§ **How to complete this task**
Restate word for word every entry that appears below, skipping its pictures.

§ **Recorded data**
***

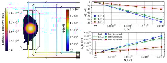 Nine numerical simulations were performed changing the electron density to simulate different plasma conditions, from the absence of the plasma to the flat top condition. The electron density (N0) goes from 0 to 2 × 1020 m−3. Figure 4 shows the results of the numerical simulations. The figure on the left represents the ray trajectories from the laser to the detector, where the ray colour shows the calculated phase according to Equation (8). Since the “reference” and the “plasma” beams run different distances, the interferometer must be calibrated in the absence of plasma (numerical simulation number 1). Thus, knowing the phase difference in the absence of plasma, the phase difference due to the plasma is calculated and the electron density as well, from Equation (10). The figure on the right-top represents the calibrated differential phase for all lines of sight, where the phase for N0 = 0 m−3 has been placed equal to zero (calibration). The figure located at the right-bottom shows the true electron density, calculated as the integral on the line of sight of the electron density field, and the electron density calculated by the interferometer, through the phase difference. The comparison clearly shows that the methodologies implemented to model the interferometer in COMSOL work properly.
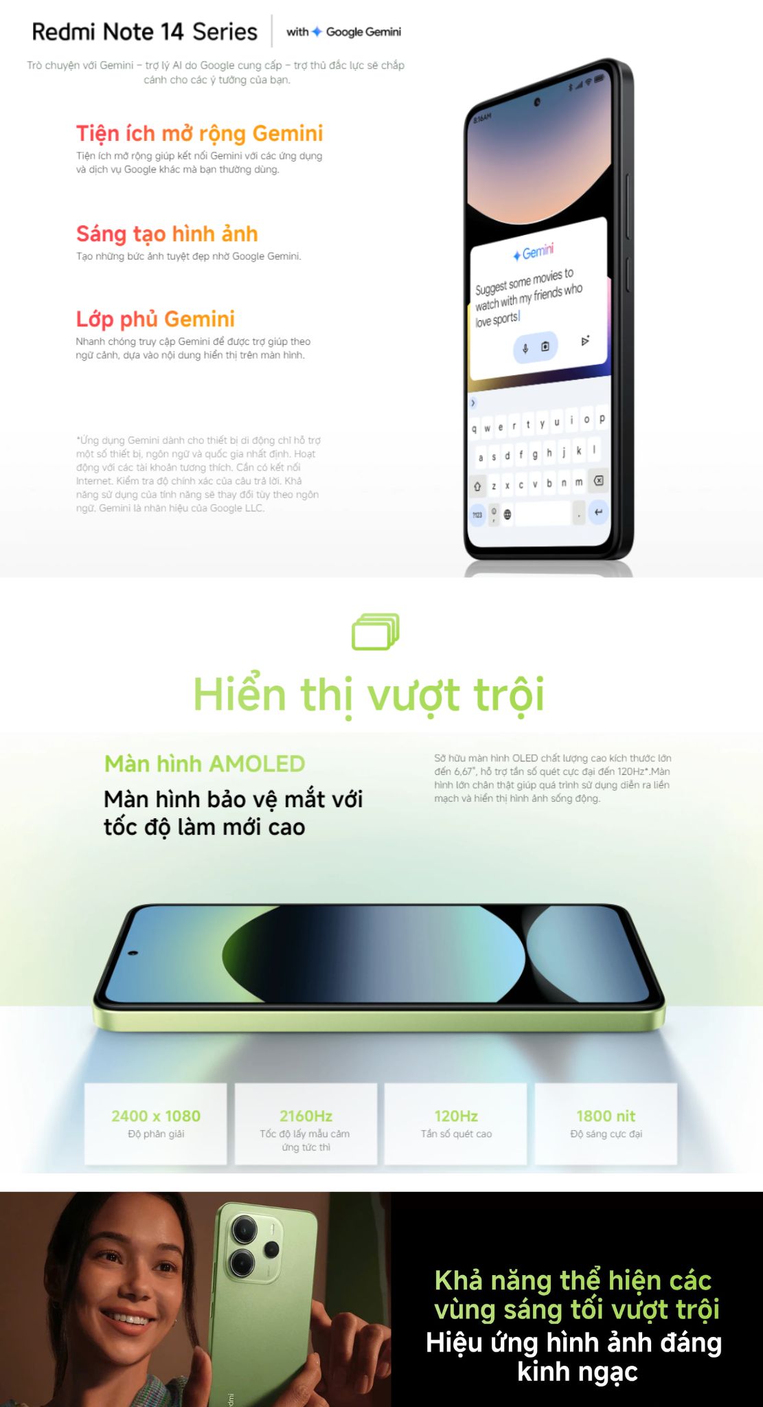 THÔNG SỐ SẢN PHẨM REDMI NOTE 14 6GB+128GB:
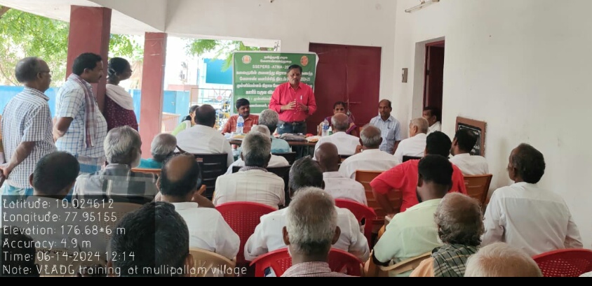 சோழவந்தான் அருகே முள்ளிப்பள்ளம் கிராமத்தில் தமிழக அரசின் கலைஞரின் அனைத்து கிராம.ஒருகிணைந்த விவசாயிகள் வளர்ச்சி திட்டத்தின் கீழ் கிராம வேளாண் முன்னேற்ற குழ கரீப் விவசாயிகளளூக்கு பயிற்சி முகாம் ஊராட்சி மன்ற தலைவர் பழனிவேல் மற்றும் துணை தலைவர் ராஜா ஆகியோர் தலைமையில் நடந்தது.
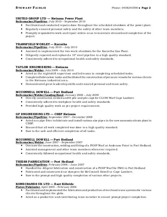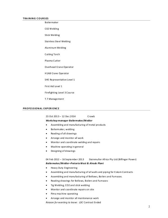 Sound problem solving abilities with strong attention to detail and safety. Interested in growing a career and fostering leadership. Boilermaker interest in cv : Find out how much a boilermaker get paid in your area. I'm a welding manager with 15 years' experience as a welder & boilermaker, 5 years' managing a welding department, delivering.
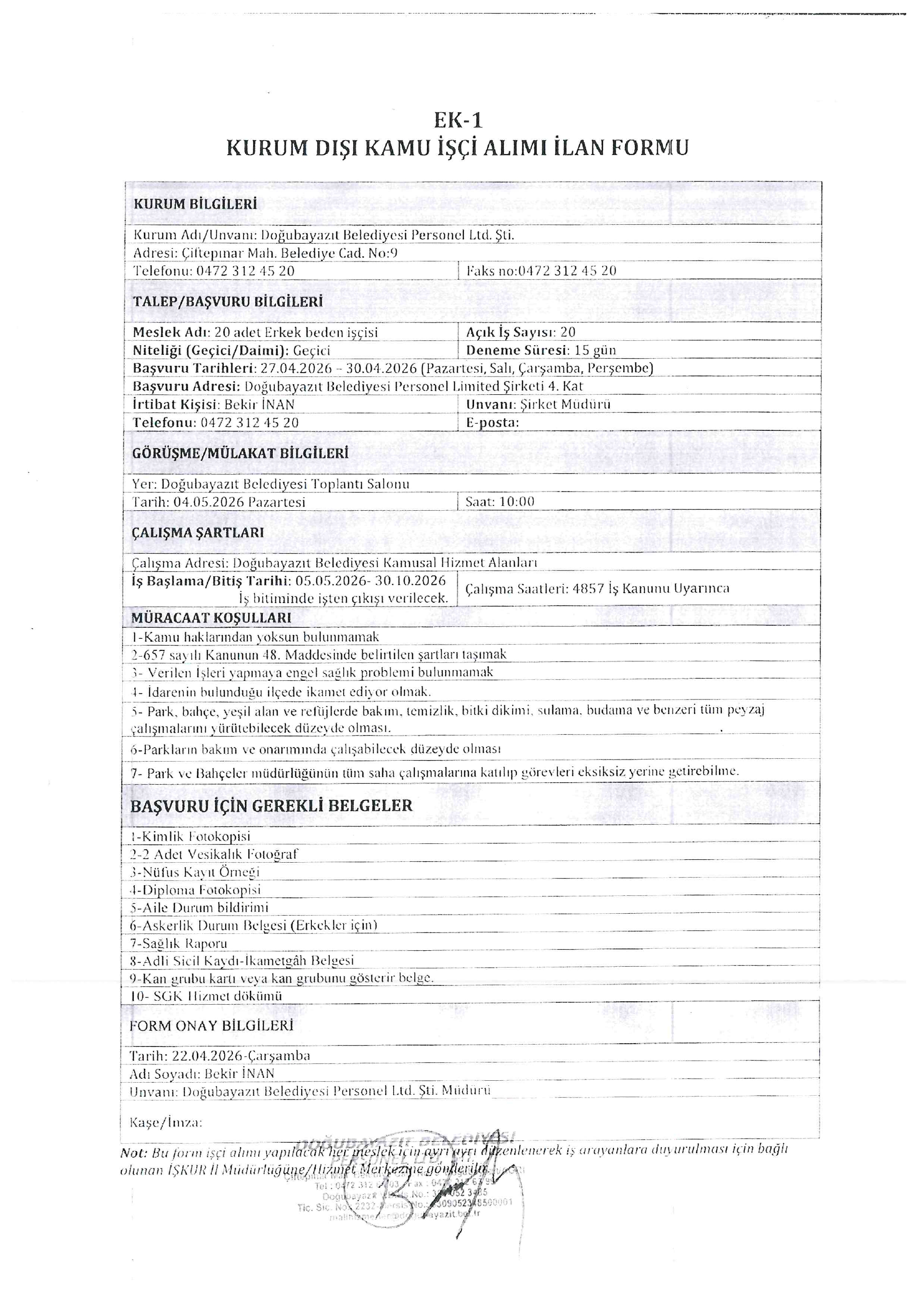 Ana sayfaGeçici İşçi İlanları Ağrı Doğubeyazıt Belediyesi Geçici 20 İşçi Alacak Ağrı Doğubeyazıt Belediyesi Geçici 20 İşçi Alacak. Son başvuru tarihi 30 Nisan 2026 Kaynak : İşkur İlan Giriş : 28 Nisan 2026 00:42, Son Güncelleme : 28 Nisan 2026 00:54 Yazdır Yorumlar (0) Abone Ol

***

§ **Response to the task**
 Nine numerical simulations were performed changing the electron density to simulate different plasma conditions, from the absence of the plasma to the flat top condition. The electron density (N0) goes from 0 to 2 × 1020 m−3. Figure 4 shows the results of the numerical simulations. The figure on the left represents the ray trajectories from the laser to the detector, where the ray colour shows the calculated phase according to Equation (8). Since the “reference” and the “plasma” beams run different distances, the interferometer must be calibrated in the absence of plasma (numerical simulation number 1). Thus, knowing the phase difference in the absence of plasma, the phase difference due to the plasma is calculated and the electron density as well, from Equation (10). The figure on the right-top represents the calibrated differential phase for all lines of sight, where the phase for N0 = 0 m−3 has been placed equal to zero (calibration). The figure located at the right-bottom shows the true electron density, calculated as the integral on the line of sight of the electron density field, and the electron density calculated by the interferometer, through the phase difference. The comparison clearly shows that the methodologies implemented to model the interferometer in COMSOL work properly.
 THÔNG SỐ SẢN PHẨM REDMI NOTE 14 6GB+128GB:
 சோழவந்தான் அருகே முள்ளிப்பள்ளம் கிராமத்தில் தமிழக அரசின் கலைஞரின் அனைத்து கிராம.ஒருகிணைந்த விவசாயிகள் வளர்ச்சி திட்டத்தின் கீழ் கிராம வேளாண் முன்னேற்ற குழ கரீப் விவசாயிகளளூக்கு பயிற்சி முகாம் ஊராட்சி மன்ற தலைவர் பழனிவேல் மற்றும் துணை தலைவர் ராஜா ஆகியோர் தலைமையில் நடந்தது.
 Sound problem solving abilities with strong attention to detail and safety. Interested in growing a career and fostering leadership. Boilermaker interest in cv : Find out how much a boilermaker get paid in your area. I'm a welding manager with 15 years' experience as a welder & boilermaker, 5 years' managing a welding department, delivering.
 Ana sayfaGeçici İşçi İlanları Ağrı Doğubeyazıt Belediyesi Geçici 20 İşçi Alacak Ağrı Doğubeyazıt Belediyesi Geçici 20 İşçi Alacak. Son başvuru tarihi 30 Nisan 2026 Kaynak : İşkur İlan Giriş : 28 Nisan 2026 00:42, Son Güncelleme : 28 Nisan 2026 00:54 Yazdır Yorumlar (0) Abone Ol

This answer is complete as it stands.